From the entries below, copy every line where the string "president" appears.
★ ★ ★ ★ ★ ★ ★
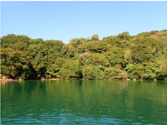
牧島(11 : 54)
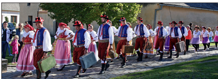
Slavnostní průvod od kostela sv. Václava na náměstí Míru
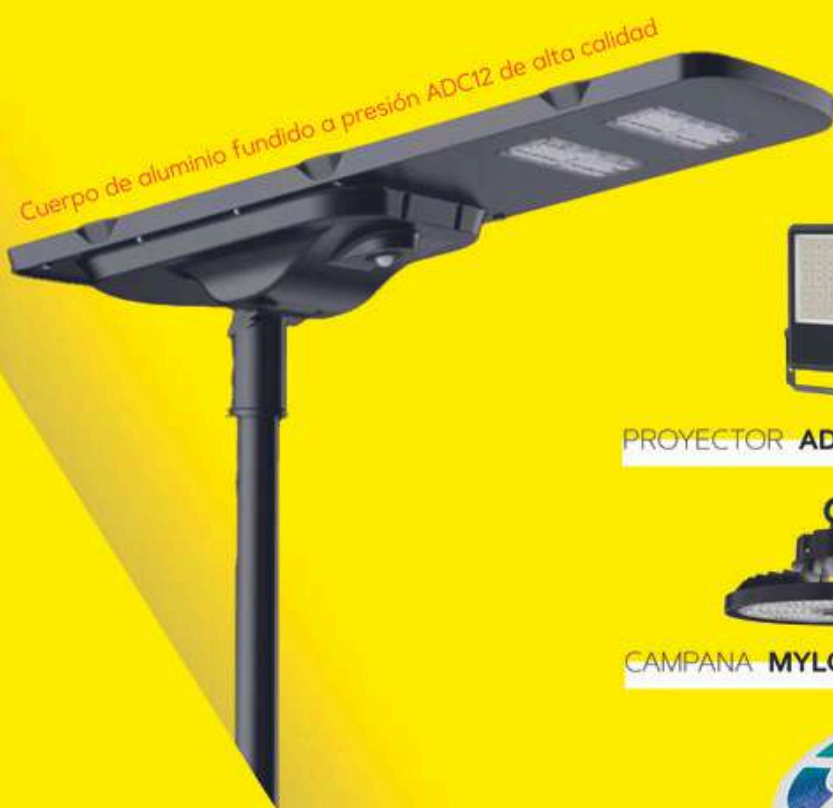
FAROLA SOLAR UMBRA
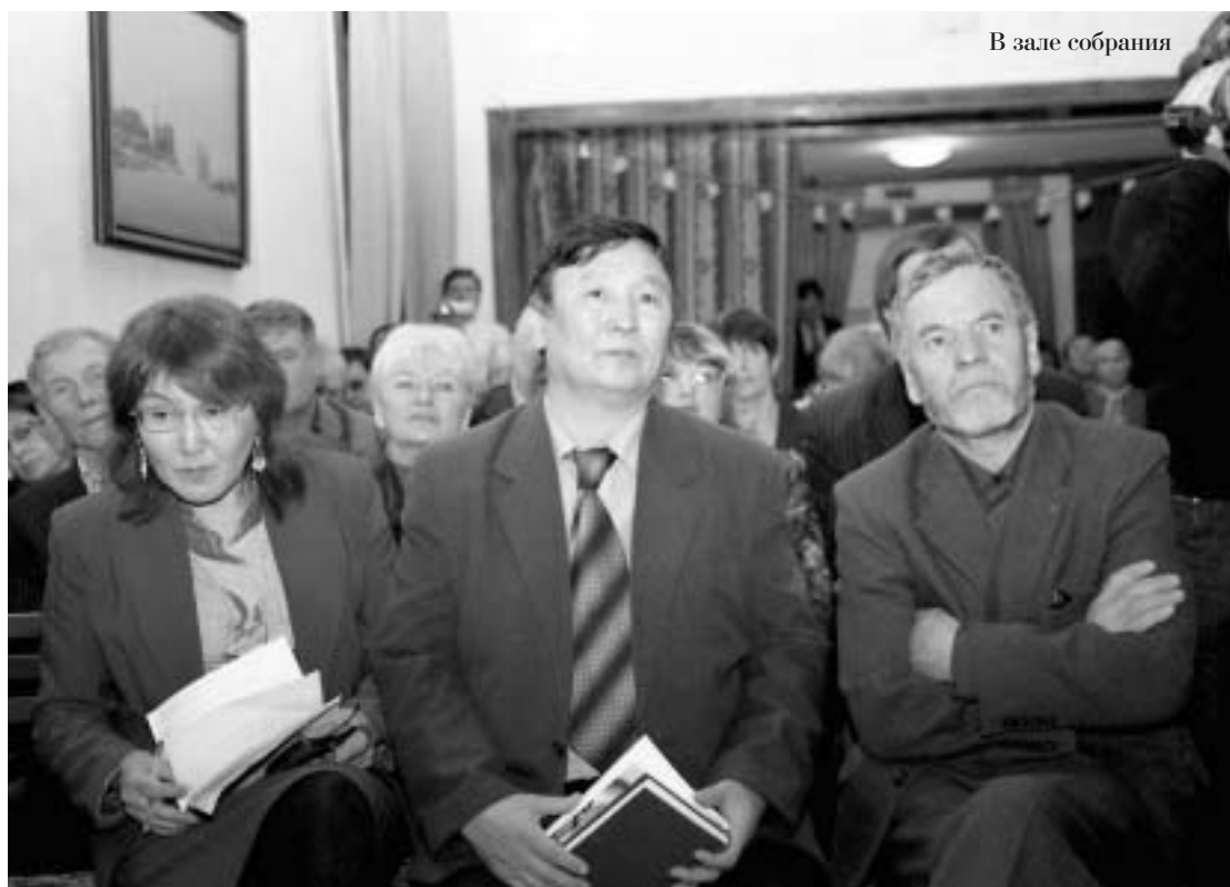
В зале собрания
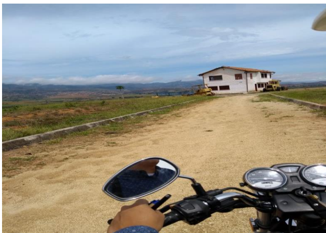
Foto 12. Planta de tratamiento Santa Lucia

Planta de Tratamiento. Estructuras de tipo convencional; ocupa un área de 17.40m x 11.15m. Además, cuenta con un edificio de operación.
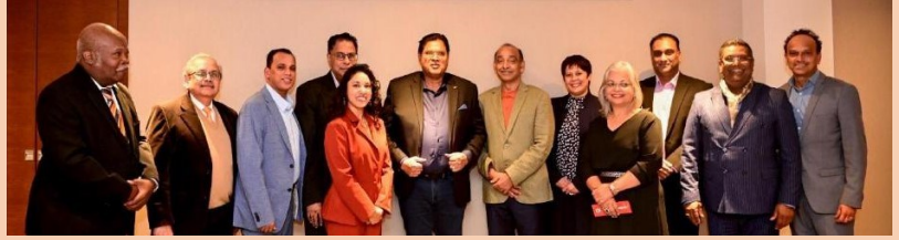
VHP-Nederland en vertegenwoordigers van diaspora-organisaties met de president

Op donderdag 14 november heeft president Santokhi in Den Haag als VHP-voorzitter overleg gevoerd met het dagelijks bestuur (DB) en de kernvoorzitters van VHP Nederland. Tijdens een constructief gesprek zijn afspraken gemaakt om de samenwerking met de VHP te intensiveren en de verkiezingscampagne te ondersteunen. VHP Nederland zal een campagne team samenstellen en deel uitmaken van het Landelijk Campagne Team van de VHP.
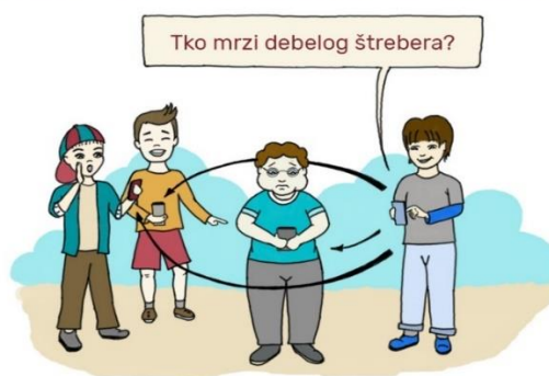
Slika br. 2. Ilustracija elektroničkog vršnjačkog nasilja

Ne potiči nasilje i ne sudjeluj u njemu. Pomozi žrtvi!
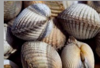
13 – Mollusques
★ ★ ★ ★ ★ ★ ★
### EXERCISE OUTPUT
VHP-Nederland en vertegenwoordigers van diaspora-organisaties met de president
Op donderdag 14 november heeft president Santokhi in Den Haag als VHP-voorzitter overleg gevoerd met het dagelijks bestuur (DB) en de kernvoorzitters van VHP Nederland. Tijdens een constructief gesprek zijn afspraken gemaakt om de samenwerking met de VHP te intensiveren en de verkiezingscampagne te ondersteunen. VHP Nederland zal een campagne team samenstellen en deel uitmaken van het Landelijk Campagne Team van de VHP.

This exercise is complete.